ORNL’s new machine-learning-based algorithm enhances this process by rapidly reconstructing and analysing CT images.

Applying the algorithm, INL researchers were able to analyse over 30 3D-printed samples in under five hours—an inspection that previously would have taken more than 30 hours without the software.

At INL, researchers often delay examining materials from nuclear reactors to prioritise lab technicians’ safety, as prolonged CT scans of irradiated materials expose both personnel and equipment to radiation.

Extended exposure can degrade the CT detector, limiting its operational life and image accuracy.
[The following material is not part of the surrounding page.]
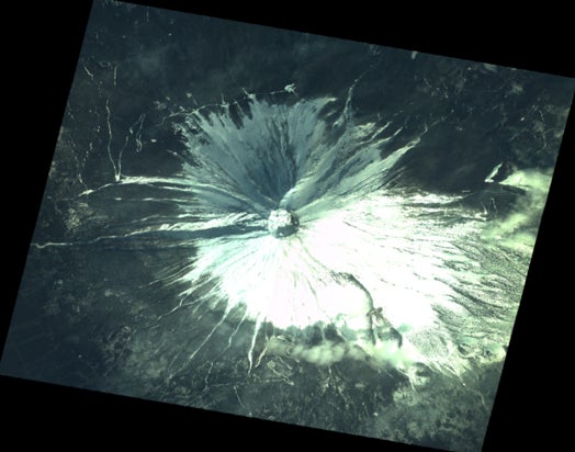 図1: 本実証にてASNARO-1により撮像された富士山の画像(撮影日2025年1月20日) Credit:(C)NEC Corporation, Distributed by PASCO CORPORATION

By shortening scan times, the new algorithm lowers radiation exposure for lab staff and equipment alike, leading to higher-quality data and more efficient feedback for performance models.

“If we use this algorithm to reduce the scan time for radioactive materials and fuels, it will increase worker safety and the rate at which we can evaluate new materials,” said Bill Chuirazzi, instrument scientist and leader of INL’s Diffraction and Imaging group.

“Down the road, it enables us to expedite the life cycle of new nuclear ideas from conception to implementation in the power grid.”

The collaboration between ORNL and INL aims to support the development and deployment of new reactor designs, crucial for decarbonising the energy sector.

ORNL researcher Amir Ziabari, who initially created the algorithm to streamline scans of 3D-printed metal parts, is now refining it to handle radioactive materials and nuclear fuels.

This algorithm development is backed by the US Department of Energy’s Advanced Materials and Manufacturing Technologies (AMMT) program, which aims to accelerate the commercialisation of innovative materials and manufacturing methods.